Success! The fogger works as good as new. I got a few more pix of the innards that I'll post as soon as I get the time. The most difficult part was getting the insulation re-wrapped around the heater block. The original teflon tape is really delicate stuff and I had to use some 1/2" thread tape to finish the wrapping. There are not a lot of parts and connections in this machine; it's very much a brute force design.
The gunk was pretty much dissolved in the alcohol when I blew it out of the block, so I don't know just how much of the stuff was in there. I assume it was crusty old fog juice. I don't know what's the best way to store these things - I always left the juice in this machine and it worked fine for 8 years. Maybe a better method would be to pull them out 2-3 times a year and run a few cycles? There are a lot of opinions on this topic; there doesn't seem to be a one-size-fits-all solution.


----------



## heresjohnny (Feb 15, 2006)

Sweet! Wish I had known this a few years ago for my 700W machine.


----------



## Otaku (Dec 3, 2004)

I think the reason this worked is that I was able to blow alcohol through the block. You can't do that when the fogger is hot, obviously. Using vinegar (acetic acid) is good for dissolving hard water deposits, but I checked on glycerin and glycol compounds and they're mainly miscible in water and ethanol. That's likely why the 70% IPA worked so well.

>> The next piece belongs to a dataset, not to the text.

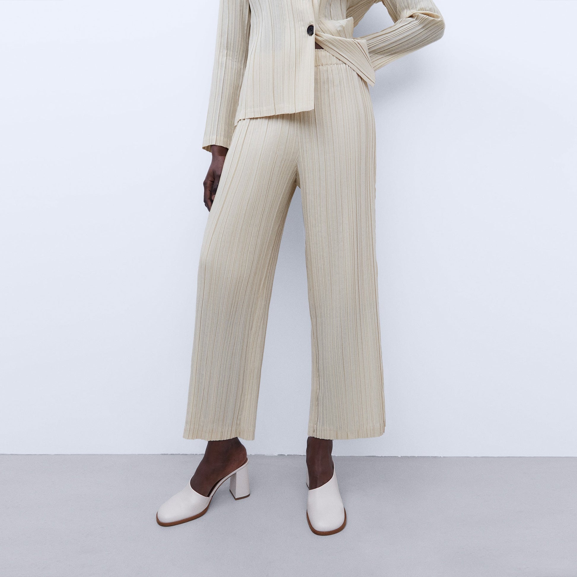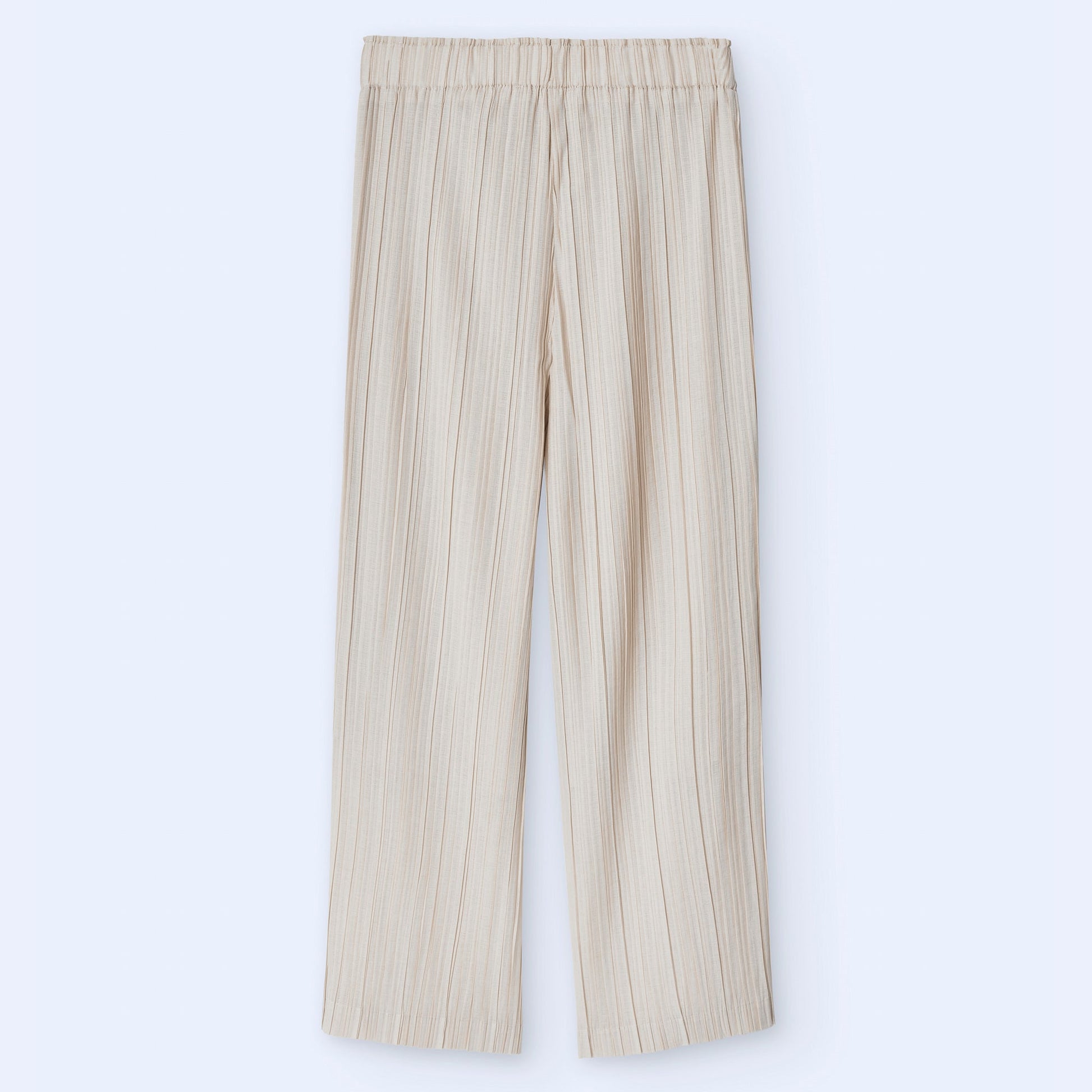 These crinkle trousers are a stylish addition to your wardrobe. They feature an elastic waistband for a comfortable fit and are ankle length with a straight hem. Perfect for both casual and formal occasions.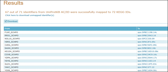 Indique o organismo Schizosaccharomyces pombe e SEARCH

OK, for those who don't want to tear apart their foggers, this cleaning may be able to be done with the block in place. Just remove the inlet pipe from the pump and the block. Use a syringe and some plastic tubing (1/8" ID) and inject alcohol into the block inlet port. Stand the fogger on end with the block outlet pointing down. Let it sit for several minutes, then try to blow out the alcohol. Keep doing this until the clog dissolves, then repeat the process a few more times. Keep adding alcohol to the inlet as it drains out through the outlet port. Be generous with the compressed air.

Warning: Be sure to blow the block completely dry before re-assembling. You don't want anything flammable in the block when it heats up. I take no responsibility for foggers exploding due to alcohol left in the heat exchangers.


----------



## Otaku (Dec 3, 2004)

I posted a few more pics here:

http://www.hauntforum.com/album.php?albumid=731

As mentioned, the re-wrappng of the block was a pain and as you can see I didn't do nearly as good a job as the manufacturer. I think they must have a tape dispensing system that keeps the teflon tape nice and straight. But since the idea is to keep the heat in the block and not let it melt the fogger case, this seems to work. If anyone has questions about this repair, just let me know.


----------



## Frighteners Entertainment (Jan 24, 2006)

Awesome job Gary!!
Thanks for posting!!


----------